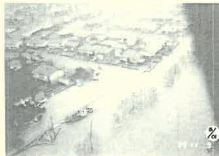
TAHSIS (Photo 4)

Looking downstream at cross section 11 and flooded Maquinna Drive during November 9, 1989 flood.
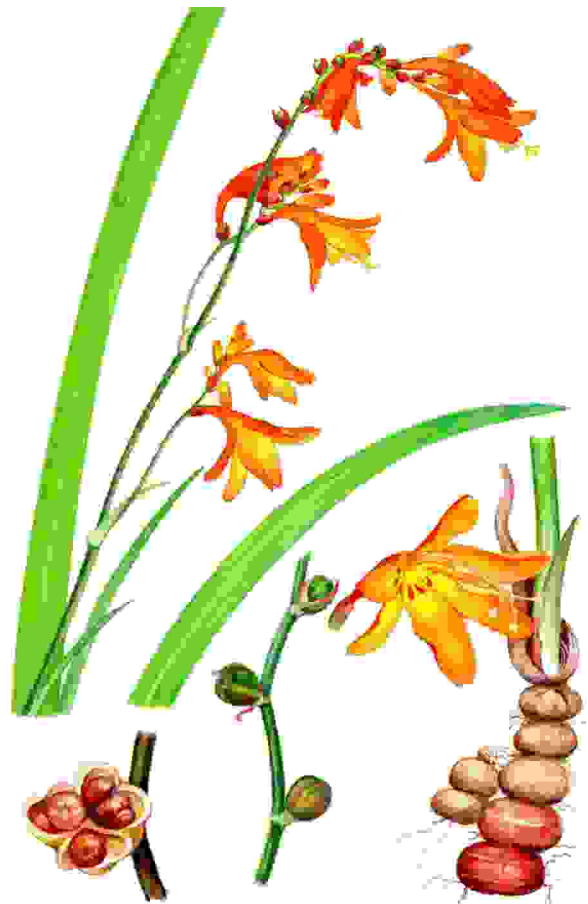
Watercolour painting of Montbretia By Hitoshi KUDOH

Distribution: Widely naturalized all over the world.

# EXERCISE DESCRIPTION:
Before you return the listing exactly, strip out its pictures.

# EXERCISE ANSWER:
TAHSIS (Photo 4)

Looking downstream at cross section 11 and flooded Maquinna Drive during November 9, 1989 flood.
Watercolour painting of Montbretia By Hitoshi KUDOH

Distribution: Widely naturalized all over the world.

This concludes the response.